- _Materials provided_
○ ○ ○ ○
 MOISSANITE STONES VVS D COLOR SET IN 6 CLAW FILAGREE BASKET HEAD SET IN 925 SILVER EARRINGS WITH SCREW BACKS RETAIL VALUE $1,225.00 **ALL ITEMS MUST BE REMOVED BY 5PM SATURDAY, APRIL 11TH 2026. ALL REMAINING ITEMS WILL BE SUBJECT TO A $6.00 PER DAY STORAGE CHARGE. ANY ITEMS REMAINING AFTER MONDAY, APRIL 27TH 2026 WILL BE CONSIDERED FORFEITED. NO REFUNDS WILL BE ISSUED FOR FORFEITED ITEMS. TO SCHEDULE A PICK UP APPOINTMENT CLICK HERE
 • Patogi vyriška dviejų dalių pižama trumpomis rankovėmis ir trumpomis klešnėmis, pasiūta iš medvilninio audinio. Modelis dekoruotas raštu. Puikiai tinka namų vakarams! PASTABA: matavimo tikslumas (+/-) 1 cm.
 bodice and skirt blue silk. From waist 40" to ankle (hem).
○ ○ ○ ○
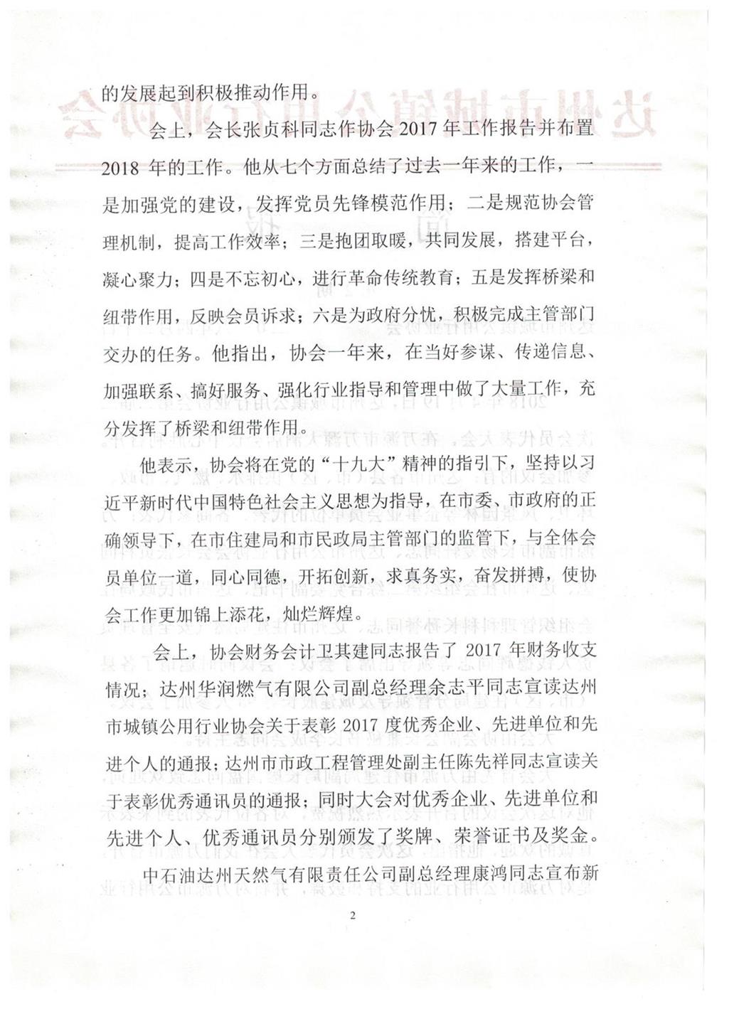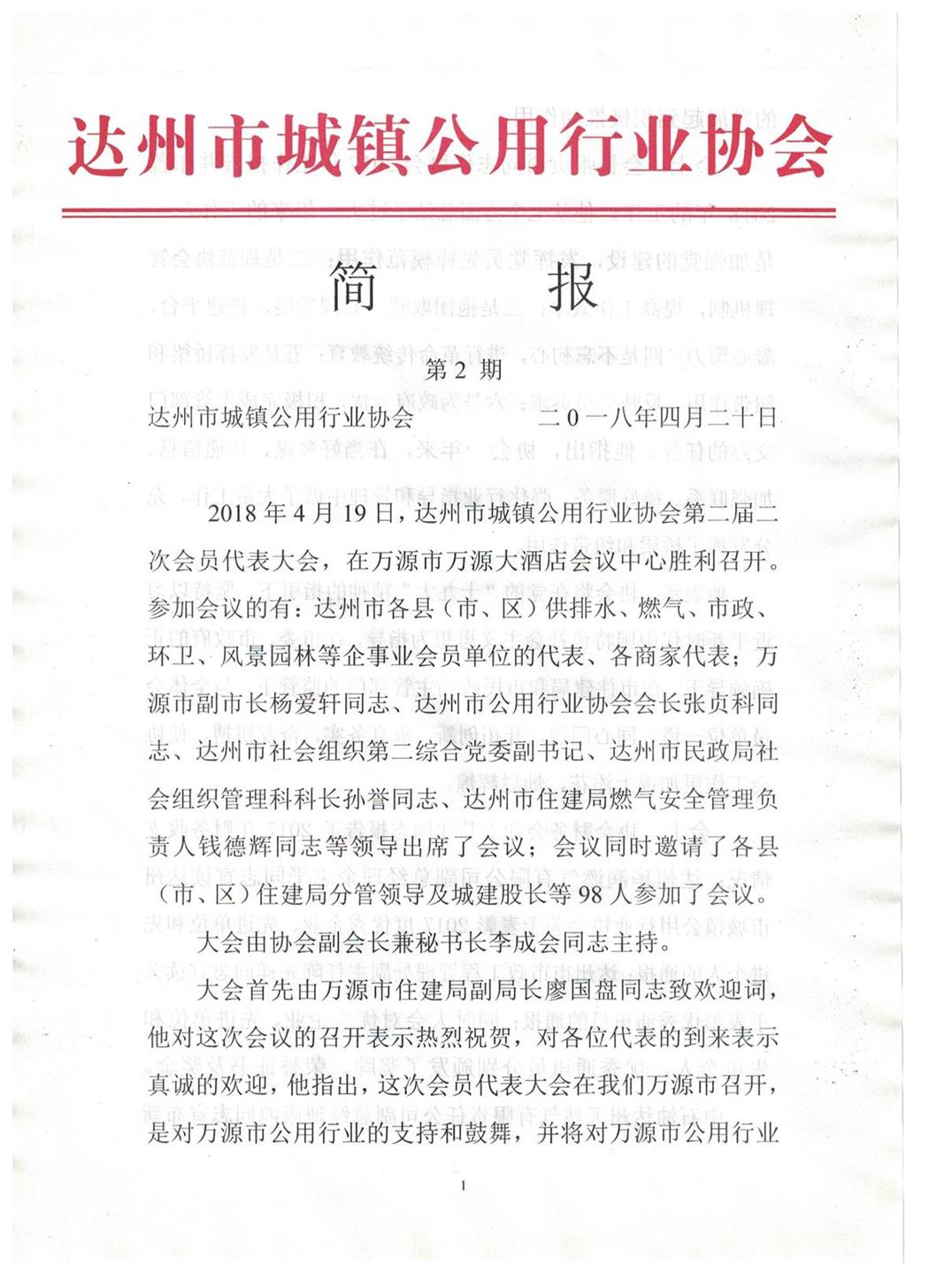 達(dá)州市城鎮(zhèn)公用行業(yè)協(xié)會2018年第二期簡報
○ ○ ○ ○
- _Your instructions_
Take from the material above the lines running from the one with "MOISSANITE STONES VVS" through the one with "bodice and skirt", and repeat them exactly, with nothing else.

- _Expected output_
 MOISSANITE STONES VVS D COLOR SET IN 6 CLAW FILAGREE BASKET HEAD SET IN 925 SILVER EARRINGS WITH SCREW BACKS RETAIL VALUE $1,225.00 **ALL ITEMS MUST BE REMOVED BY 5PM SATURDAY, APRIL 11TH 2026. ALL REMAINING ITEMS WILL BE SUBJECT TO A $6.00 PER DAY STORAGE CHARGE. ANY ITEMS REMAINING AFTER MONDAY, APRIL 27TH 2026 WILL BE CONSIDERED FORFEITED. NO REFUNDS WILL BE ISSUED FOR FORFEITED ITEMS. TO SCHEDULE A PICK UP APPOINTMENT CLICK HERE
 • Patogi vyriška dviejų dalių pižama trumpomis rankovėmis ir trumpomis klešnėmis, pasiūta iš medvilninio audinio. Modelis dekoruotas raštu. Puikiai tinka namų vakarams! PASTABA: matavimo tikslumas (+/-) 1 cm.
 bodice and skirt blue silk. From waist 40" to ankle (hem).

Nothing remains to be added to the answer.